So we need the “Truth”.  And Covid19 hasn’t stopped conspiracy theories or partisan rhetoric.  Half-truths and even the assertion of fake news undermines our trust in government, science, and academia.  Our only viable defense against mistruths or untruths is trusting in our nation’s fundamental “Self-evident” truths expressed in our Declaration of Independence.  The profound truth that - ‘all people’ are “endowed” with unalienable rights to “life, liberty and the pursuit of happiness”.  “Self-evident”, should not mean self-invented principles like ‘market forces’, ‘national sovereignty’, or political ideology,  WE need fundamental principles that can actually protect us.  
For both trust and truth to work, we need “Transparency”.   Before this pandemic is over the US government will have appropriated and spent upwards of $6 trillion.  And that is just in reactionary measures.  Who will get these dollars?  Who will pay them back?  The truth is, our children and grandchildren will, if they ever get the chance.  The inherent corruption of our existing political and economic system is a function of the lack of transparency in both.  According to a 2012 statistic there was approximately $32 trillion stashed in anonymous offshore accounts (and some on shore banks!).  These ill gotten gains were stashed there by kleptocrats, oligarchs, drug cartels, violent extremist groups, and wealth capitalists with good lawyers helping them avoid taxes.  
If this money had gone to doing what was proposed by health experts’ multiple times over the past few decades, and at least four times over the last 14 months (according to today’s Washington Post lead editorial). -- we would have had a chance of avoiding much of the harmful health and economic consequences now before us. 
What would be ideal is building a four-pronged global health infrastructure with the first two prongs being the effective capacity for early detection and rapid response to any unusual outbreak.  The third?  Adequate investments in research and development as well the human capital that would be essential to doing what is inevitably needed.  Last, and most important if you believe that prevention pays, would be investing in global infectious disease preventive measures.  According to the Trump maligned World Health Organization (that was never given power to demand from any government - any adequate and accurate information on any disease) just universal access to clean water alone could eliminate half of all the world’s infectious diseases.  

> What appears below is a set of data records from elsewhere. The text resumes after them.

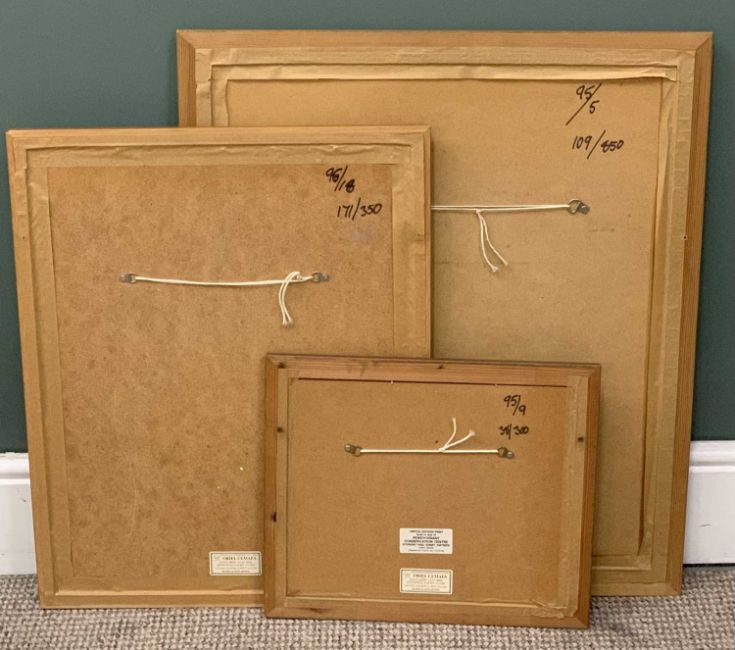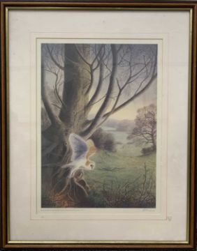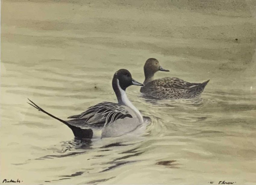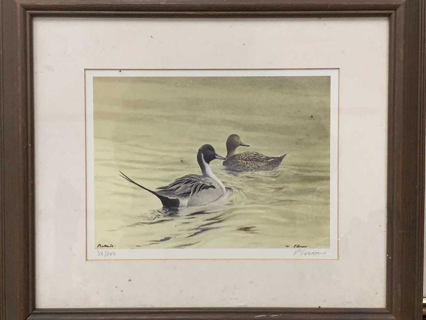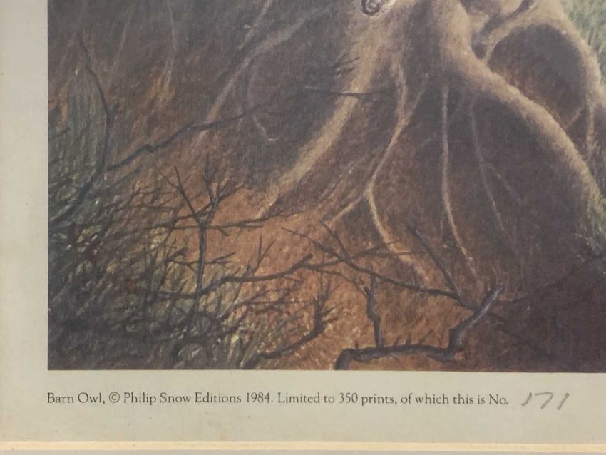 PHILIP SNOW (British b.1947) limited edition prints (3) - bird of prey perched on rock (109/850), signed in pencil, 48 x 37cms, barn owl, signed in pencil, 42 x 30cms and two swimming ducks (38/300), signed in pencil, 17 x 23cms
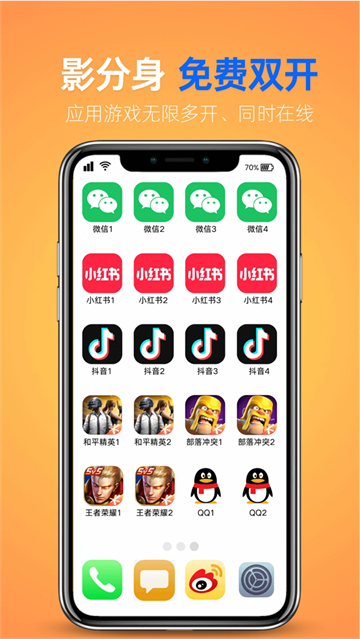 应用分身软件稳定不掉线,一部手机实现应用多开不限个数、分身多开!轻松解决微信双开、游戏账号多开、小红书多开、QQ多开、淘宝分身、美团多开等应用分身多开!分身软件添加到桌面,一机多开私密空间,UI查看调试功能,机型模拟功能,稳定更可靠!
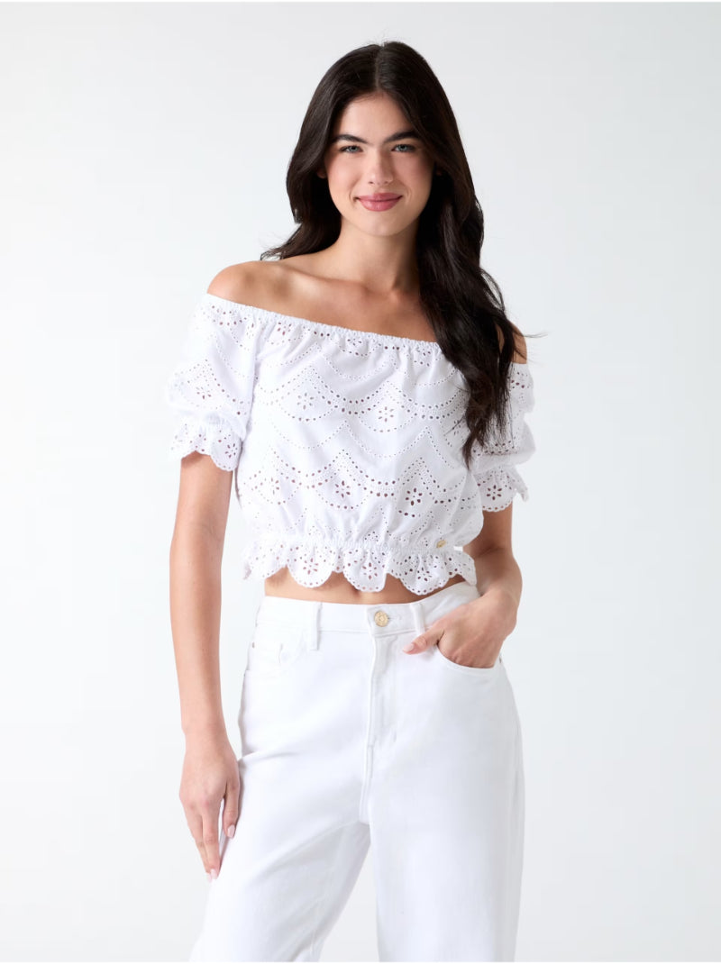 This off-shoulder eyelet top from GUESS brings a romantic touch to everyday styling, featuring delicate broderie detailing and a flattering silhouette that enhances the figure effortlessly. Designed with soft ruffle accents and a lightweight feel, it offers comfort and movement while adding a feminine, modern charm to any look.
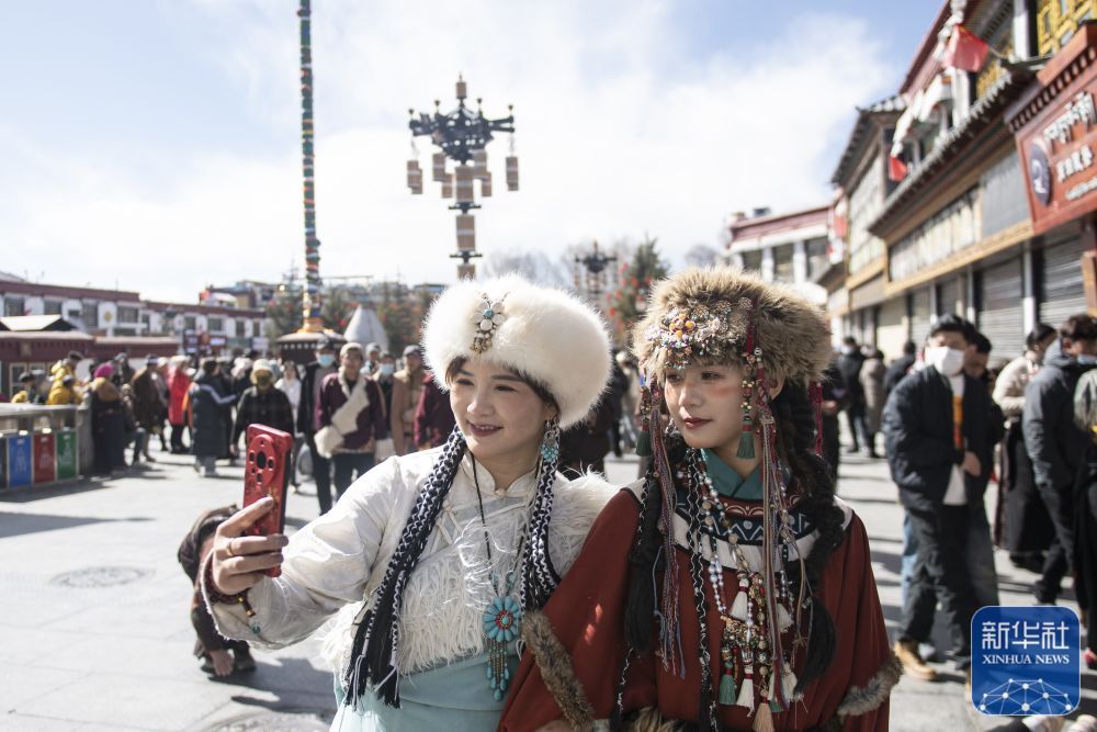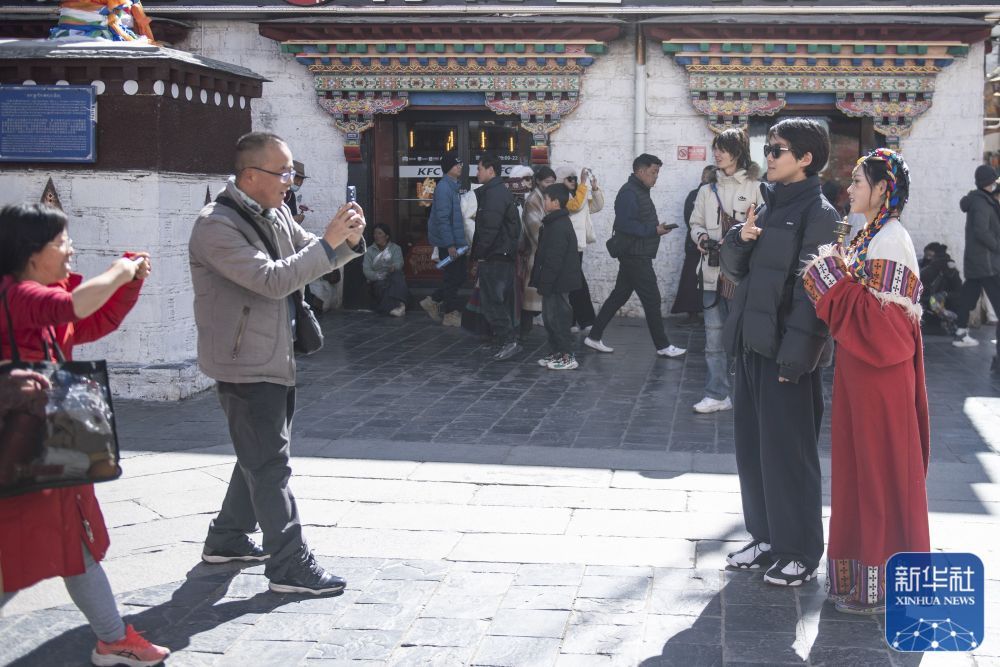 2月11日,游客在西藏拉萨八廓街拍照留念。新华社记者 孙瑞博 摄
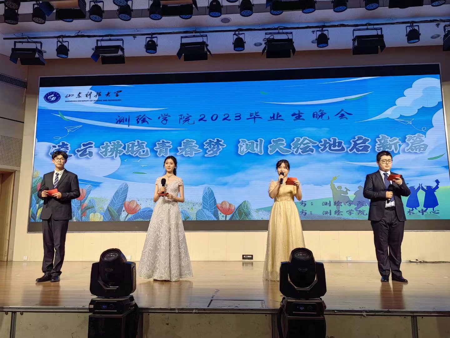 在大学生活动中心举办了“凌云拂晓青春梦 测天绘地启新篇”2023届毕业晚会,学院党委副书记兼副院长吴昊、副院长王瑞富、刘尚国、团委书记孙金香及学院部分教师、全体辅导员参加。
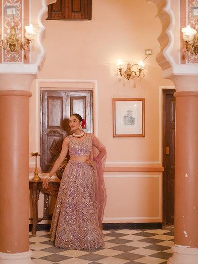 LAVENDER - Net Fabric Sequins embroidery Semi-Stitched Lehenga & Unstitched Blouse With Dupatta

Add sanitation, basic education, adequate nutrition, primary health care services and living wages -- and preventing most of the other disease spreaders like war and genocide – and miracles could be accomplished, or addressed that much better if unpreventable. 
This global humanitarian achievement would also yield self-evident beneficial consequence of increasing global prosperity and human security from other threats -- with one big caveat. These long planned and repeatedly promised goals for humanities development would need to be environmentally sustainable.  Humanity has known this since 1987 when the World Commission on Environment and Development (known as “the Brundtland Commission”) launched “Our Common Future Report”.   It was ignored.  But now, the world has an actual plan.  A set of goals to comprehensively and holistically achieve the best self-evident preventive measures.  Unfortunately Few are aware of the plan. And some disapprove of it.   The plan is achieving 17 Sustainable Development Goals comprehensively by the year 2030.  FYI: They are NOT on track. 
World leaders broke their promises made at the 1990 World summit for Children when they unanimously pledged to ‘provide the resources needed’ to achieve a set of 7 basic measurable, affordable and achievable goals by the year 2000.  Then came the Millennial  Development Goals for the year 2015.  Some progress was made but not nearly enough. If we fail in achieving these SDGs we may not get another chance.  The trends of increasing global chaos in health, environment, economics, political tensions, populism, WMD proliferation, wars, refugees and political unrest will not wait for another plan.   
If we learn the right lessons from this current pandemic crisis we will learn two things we should have already known.
One is the findings of the 1980 bipartisan Presidential Commission on World Hunger.  “In the final analysis, unless Americans -- as citizens of an increasingly interdependent world -- place far higher priority on overcoming world hunger, its effects will no longer remain remote or unfamiliar.  Nor can we wait until we reach the brink of the precipice; the major actions required do not lend themselves to crisis planning, patchwork management, or emergency financing... The hour is late.  Age-old forces of poverty, disease, inequity, and hunger continue to challenge the world.  Our humanity demands that we act upon these challenges now...”    Presidential Commission on World Hunger, 1980.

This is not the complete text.